Start of EXTRACTED ENTRIES

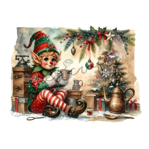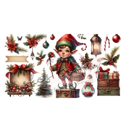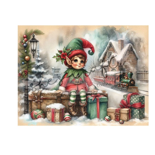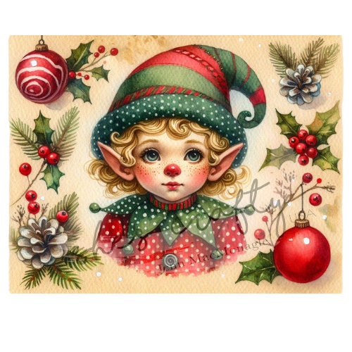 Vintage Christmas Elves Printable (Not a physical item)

End of EXTRACTED ENTRIES
Start of EXTRACTED ENTRIES

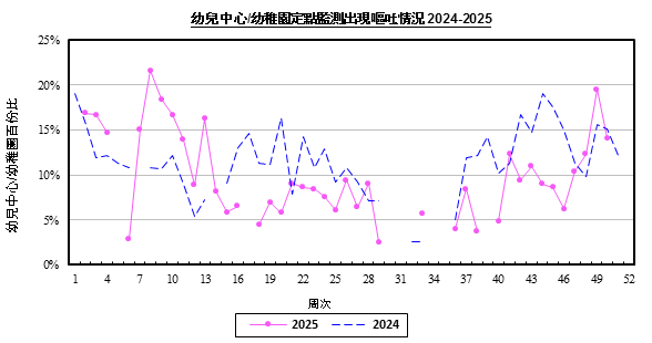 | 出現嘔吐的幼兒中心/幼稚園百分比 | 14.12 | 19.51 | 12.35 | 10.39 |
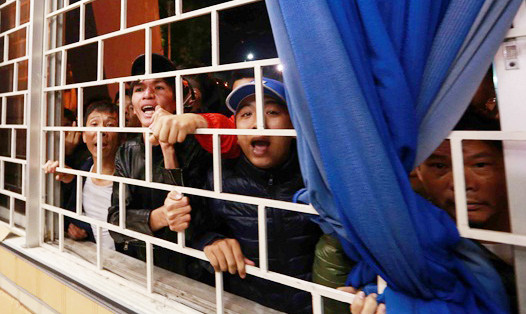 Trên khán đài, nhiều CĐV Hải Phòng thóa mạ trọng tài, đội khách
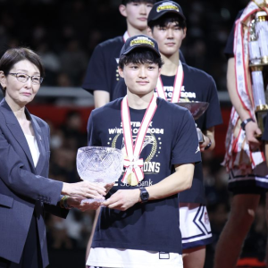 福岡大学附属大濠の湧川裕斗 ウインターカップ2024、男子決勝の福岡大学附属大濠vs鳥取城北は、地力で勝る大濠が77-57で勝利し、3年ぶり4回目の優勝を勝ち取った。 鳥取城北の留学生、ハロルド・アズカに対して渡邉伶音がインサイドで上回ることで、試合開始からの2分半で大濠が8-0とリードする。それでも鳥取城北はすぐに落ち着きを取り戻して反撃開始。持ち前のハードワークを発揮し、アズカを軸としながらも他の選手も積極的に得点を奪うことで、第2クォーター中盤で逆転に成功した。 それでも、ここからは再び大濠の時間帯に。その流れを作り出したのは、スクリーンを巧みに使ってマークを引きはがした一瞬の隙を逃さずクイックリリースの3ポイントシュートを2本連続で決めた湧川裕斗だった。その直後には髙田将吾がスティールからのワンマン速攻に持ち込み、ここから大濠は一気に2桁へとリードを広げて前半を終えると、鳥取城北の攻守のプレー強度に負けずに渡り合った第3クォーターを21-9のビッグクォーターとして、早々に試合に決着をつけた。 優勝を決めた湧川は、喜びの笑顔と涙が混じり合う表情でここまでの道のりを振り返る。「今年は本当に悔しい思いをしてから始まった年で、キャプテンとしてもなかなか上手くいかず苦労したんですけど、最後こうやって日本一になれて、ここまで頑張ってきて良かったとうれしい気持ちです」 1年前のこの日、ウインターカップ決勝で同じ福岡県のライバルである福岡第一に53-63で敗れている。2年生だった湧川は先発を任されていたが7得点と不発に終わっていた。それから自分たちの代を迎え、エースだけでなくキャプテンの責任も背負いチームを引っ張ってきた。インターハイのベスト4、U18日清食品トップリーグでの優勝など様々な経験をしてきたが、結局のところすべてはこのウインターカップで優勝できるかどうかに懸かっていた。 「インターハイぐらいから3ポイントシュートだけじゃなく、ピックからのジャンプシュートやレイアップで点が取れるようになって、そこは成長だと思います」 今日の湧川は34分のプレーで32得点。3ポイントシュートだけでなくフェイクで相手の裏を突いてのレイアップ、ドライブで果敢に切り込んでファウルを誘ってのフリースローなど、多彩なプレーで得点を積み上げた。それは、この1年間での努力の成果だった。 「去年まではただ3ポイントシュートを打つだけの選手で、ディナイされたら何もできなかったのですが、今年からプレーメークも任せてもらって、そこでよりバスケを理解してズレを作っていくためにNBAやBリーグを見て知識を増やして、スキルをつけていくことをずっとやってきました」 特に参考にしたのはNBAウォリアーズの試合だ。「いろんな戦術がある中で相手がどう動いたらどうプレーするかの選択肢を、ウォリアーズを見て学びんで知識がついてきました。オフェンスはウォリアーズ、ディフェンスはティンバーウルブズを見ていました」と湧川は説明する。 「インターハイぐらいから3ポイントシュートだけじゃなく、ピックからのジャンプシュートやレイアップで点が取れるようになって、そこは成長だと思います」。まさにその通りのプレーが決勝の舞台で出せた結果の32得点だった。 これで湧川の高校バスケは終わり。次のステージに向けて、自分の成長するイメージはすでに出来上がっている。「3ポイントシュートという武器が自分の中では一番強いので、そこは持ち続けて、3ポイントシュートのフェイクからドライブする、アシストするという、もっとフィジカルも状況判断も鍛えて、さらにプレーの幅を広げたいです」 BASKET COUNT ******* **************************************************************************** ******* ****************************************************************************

End of EXTRACTED ENTRIES
Start of EXTRACTED ENTRIES

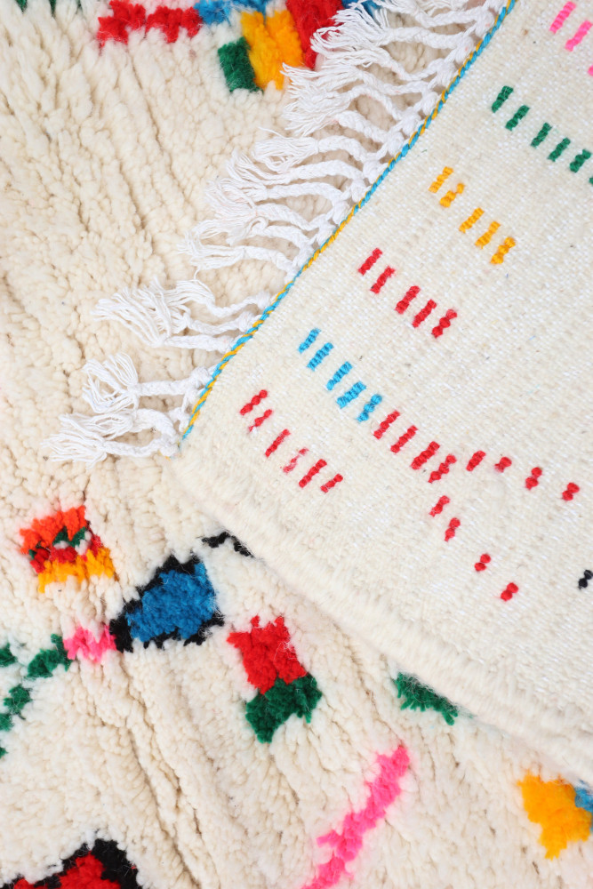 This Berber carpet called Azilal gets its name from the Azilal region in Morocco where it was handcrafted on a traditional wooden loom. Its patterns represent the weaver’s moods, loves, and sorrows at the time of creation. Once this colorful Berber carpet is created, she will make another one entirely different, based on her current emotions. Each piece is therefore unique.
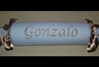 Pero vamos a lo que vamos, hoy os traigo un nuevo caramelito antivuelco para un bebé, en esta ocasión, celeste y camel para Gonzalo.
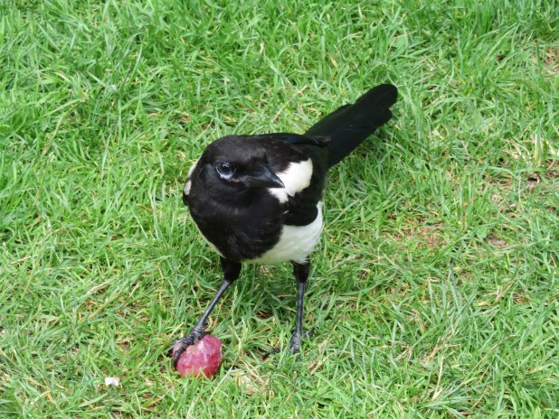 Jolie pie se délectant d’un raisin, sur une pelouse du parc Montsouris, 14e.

End of EXTRACTED ENTRIES

Range to print from the listing above: from the line with "Pero vamos a" up to and including the line with "Jolie pie se". Please print those lines exactly, with no pictures and nothing more.

 Pero vamos a lo que vamos, hoy os traigo un nuevo caramelito antivuelco para un bebé, en esta ocasión, celeste y camel para Gonzalo.
 Jolie pie se délectant d’un raisin, sur une pelouse du parc Montsouris, 14e.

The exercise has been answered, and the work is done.